Lors de sa master class, il explique son approche unique en matière de sélection : il ne choisit pas un film uniquement pour sa qualité intrinsèque, mais pour ce qu’il peut apporter au festival. « Mon rôle n’est pas de sélectionner ce que j’aime personnellement, mais ce qui mérite d’être montré à Cannes. Parfois, il y a des films que je n’aime pas particulièrement, mais qui ont leur place ici. À l’inverse, certains excellents films n’y conviennent pas. »
Pour Thierry Frémaux, Cannes est bien plus qu’un simple festival : c’est un microcosme où cohabitent réalisateurs, acteurs, journalistes, critiques, et même les habitants et restaurateurs locaux. « Cannes, c’est un festival mondial mais qui a lieu en France. C’est un lieu où les grands films protègent les petits, où la qualité artistique est toujours au centre. »
Les tapis rouges de Cannes, qu’il qualifie de « spectacle à part entière », ne sont pas qu’un simple défilé de célébrités. Ils constituent un moment de communion entre les artistes et le public, une mise en lumière du travail acharné derrière chaque film présenté. Cependant, il n’hésite pas à rappeler que la critique, les débats et les discussions animées entre journalistes et spectateurs jouent également un rôle crucial dans l’identité du festival.
Le rôle de Thierry Frémaux est également marqué par des décisions parfois controversées, mais visionnaires. Il évoque notamment son choix de programmer Devdas en 2002, un film Bollywood grand public qui avait divisé l’opinion. « Ce n’était pas du cinéma indien d’auteur, mais du cinéma populaire. Pourtant, c’était un chef-d’œuvre. Je regrette de ne pas l’avoir mis en compétition officielle. »
Plus récemment, il a pris la décision de présenter The Substance en compétition officielle, un film d’horreur du genre « body horror », qu’il estimait mal servi par des sections comme les Midnight Screenings. « Un film doit recevoir l’attention qu’il mérite, peu importe son genre. » Ce choix reflète sa volonté de défendre la diversité et de redéfinir les frontières de ce qui est considéré comme « légitime » dans un festival aussi prestigieux que Cannes.
Le processus de sélection des films est un exercice rigoureux, presque exténuant. « En avril, mes collaborateurs et moi avons nos yeux dans un état lamentable à force de visionner des films.
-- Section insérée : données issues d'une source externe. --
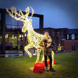 From the theatre we went straight to Waitrose car park and the start of the lantern parade. Volunteers were giving out free mince pies and mulled wine and children were attaching their handmade lanterns to sticks. Snow geese floated above the crowd on flexible poles and soon a giant snow queen puppet led the procession up the high street to the sound of drum beats from the marching band in Christmas fancy dress. It was an amazing atmosphere, with crowds lining the walkway and turning in to follow on behind. Everyone assembled in the square at Baron's Quay where a Radio Northwich DJ was broadcasting from the stage and lights bedecked a large Christmas tree ready to turn on. By this time we were both very cold. With fireworks due to accompany the lighting of the tree we made our way back to the furries so we'd be there to reassure them. The big switch on was broadcast on Facebook and we watched the fireworks from the boat while Leo and Tiger happily tucked into peanut butter licky mats. Thank you Northwich. What a way to kick off the Christmas season!
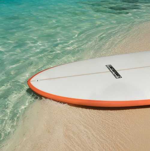 余裕のあるボリュームで楽に波をとることをターゲットにしたシェイプです。パワーの無いトロめの波でも、フロント加重することで推進力を発揮します。
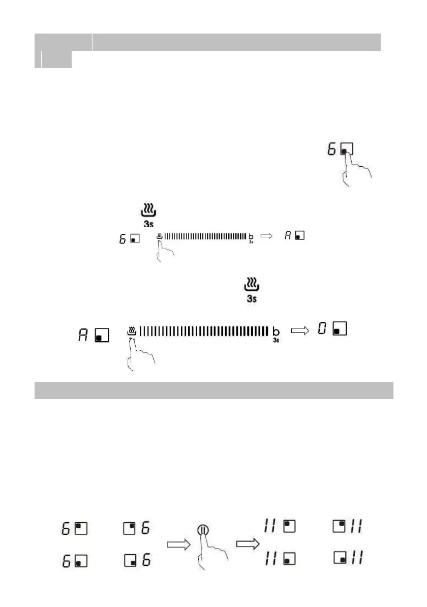 2. Stiskněte tlačítko a podržte 3 sekundy, na displeji varné zóny se
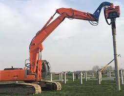 This is an excavator equipped with a vibratory pile driver attachment, which is used for installing or extracting piles in construction projects.
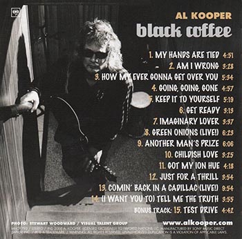 In 2005, Steve Vai's Favorite Nations label released Al's first solo album since 1975's ACT LIKE NOTHING'S WRONG. Dubbed "Black Coffee," It was filled with new Kooper songs and bizarre arrangements of cover tunes. Critically acclaimed as no other Kooper solo album, it garnered the Memphis Blues Award for Comeback Album Of The Year.
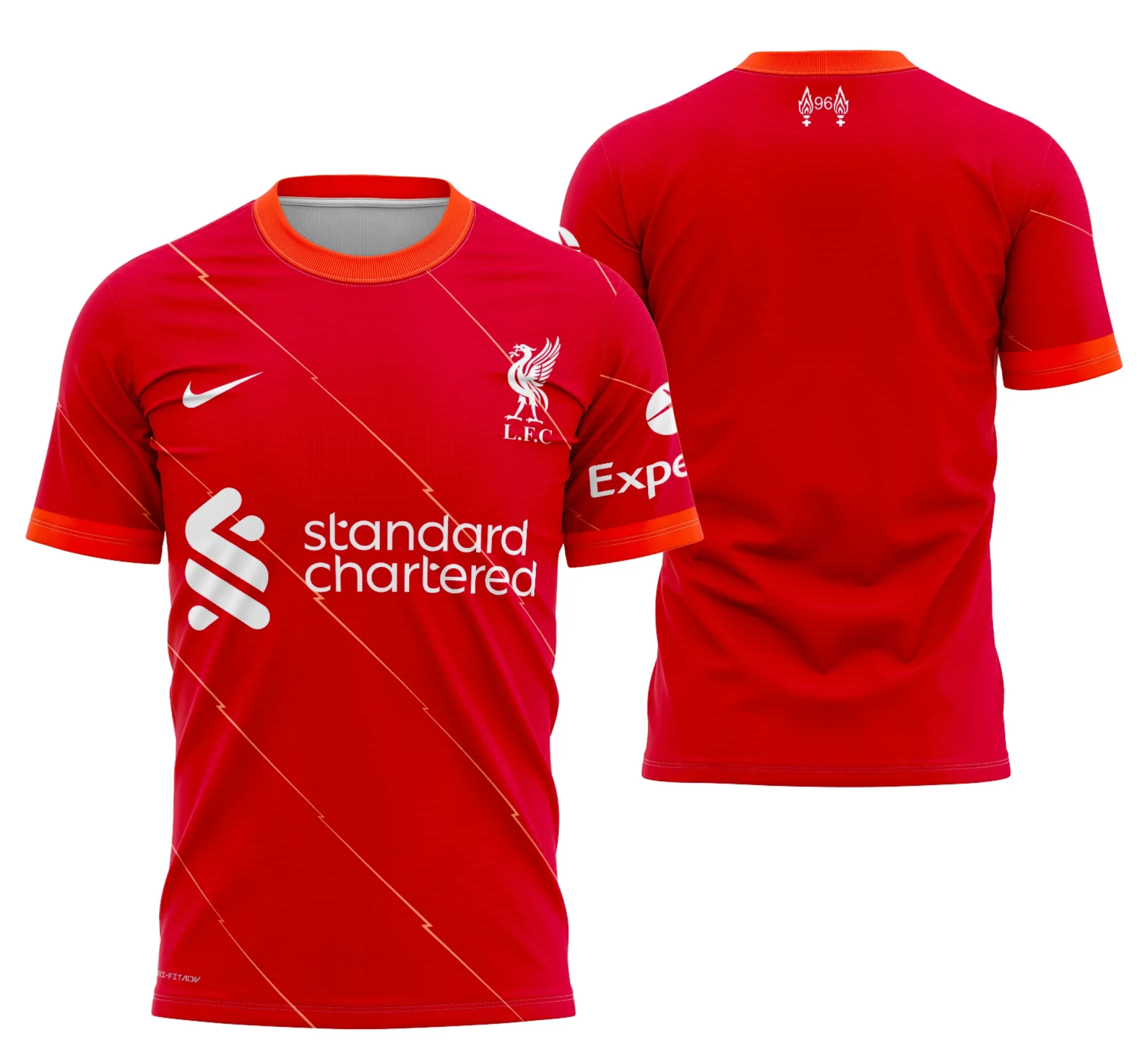 - Design detalhado do Liverpool Local 2021-2022, com logo no peito e uma imagem impactante nas costas

Parfois, nous devons faire une pause pour préserver notre jugement. » Malgré cette fatigue, Thierry Frémaux reste animé par l’excitation de découvrir « le beau film », celui qui justifie tous les sacrifices.
Interrogé sur l’avenir du cinéma face aux défis posés par les plateformes de streaming et la pandémie, il demeure optimiste. Pour lui, l’expérience collective de la salle de cinéma est irremplaçable. « Les frères Lumière ont inventé non seulement le cinéma, mais aussi l’art de partager des émotions sur grand écran. Cela ne disparaîtra jamais. »
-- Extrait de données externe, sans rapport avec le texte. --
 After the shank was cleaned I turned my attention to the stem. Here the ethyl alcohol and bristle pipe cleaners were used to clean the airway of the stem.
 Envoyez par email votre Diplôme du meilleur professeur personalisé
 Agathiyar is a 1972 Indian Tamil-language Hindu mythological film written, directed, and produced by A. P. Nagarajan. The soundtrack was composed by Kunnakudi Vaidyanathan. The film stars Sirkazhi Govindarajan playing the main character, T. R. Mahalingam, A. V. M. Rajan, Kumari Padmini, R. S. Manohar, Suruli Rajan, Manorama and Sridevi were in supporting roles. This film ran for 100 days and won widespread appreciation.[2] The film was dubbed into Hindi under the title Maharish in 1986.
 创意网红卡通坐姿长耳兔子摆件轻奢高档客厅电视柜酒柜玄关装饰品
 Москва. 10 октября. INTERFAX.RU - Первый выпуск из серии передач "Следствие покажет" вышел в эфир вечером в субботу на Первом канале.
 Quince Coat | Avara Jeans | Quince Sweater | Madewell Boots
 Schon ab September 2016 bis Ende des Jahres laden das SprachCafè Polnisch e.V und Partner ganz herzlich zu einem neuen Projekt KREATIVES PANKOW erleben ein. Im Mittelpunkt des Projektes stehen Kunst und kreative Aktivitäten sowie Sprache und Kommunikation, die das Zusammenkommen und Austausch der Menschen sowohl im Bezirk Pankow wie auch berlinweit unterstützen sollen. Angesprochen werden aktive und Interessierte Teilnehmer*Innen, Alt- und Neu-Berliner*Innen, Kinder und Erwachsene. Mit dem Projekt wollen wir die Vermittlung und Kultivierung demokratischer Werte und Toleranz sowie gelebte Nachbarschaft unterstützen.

Thierry Frémaux a également exprimé son admiration pour le RSIFF, qu’il considère comme une plateforme émergente d’une grande importance pour le cinéma arabe et africain. « Ce festival a tout pour devenir un rendez-vous incontournable, tant par la qualité de ses projections que par la diversité de sa sélection. »
Au-delà des chiffres et des réussites, Thierry Frémaux incarne une philosophie du cinéma fondée sur la passion, l’audace et le respect de l’art. Lorsqu’on lui demande ce qu’il conseille aux jeunes cinéastes, il répond simplement : « Faites un bon film. Peu importe son genre, il finira par trouver sa place. »
Son parcours, entre Lyon et Cannes, entre les tapis rouges et les salles obscures, est un hommage vibrant à la force du cinéma comme vecteur d’émotion et d’humanité. Par ses choix, ses récits et son engagement, il inspire une nouvelle génération de cinéphiles à rêver grand, tout en gardant les pieds sur terre.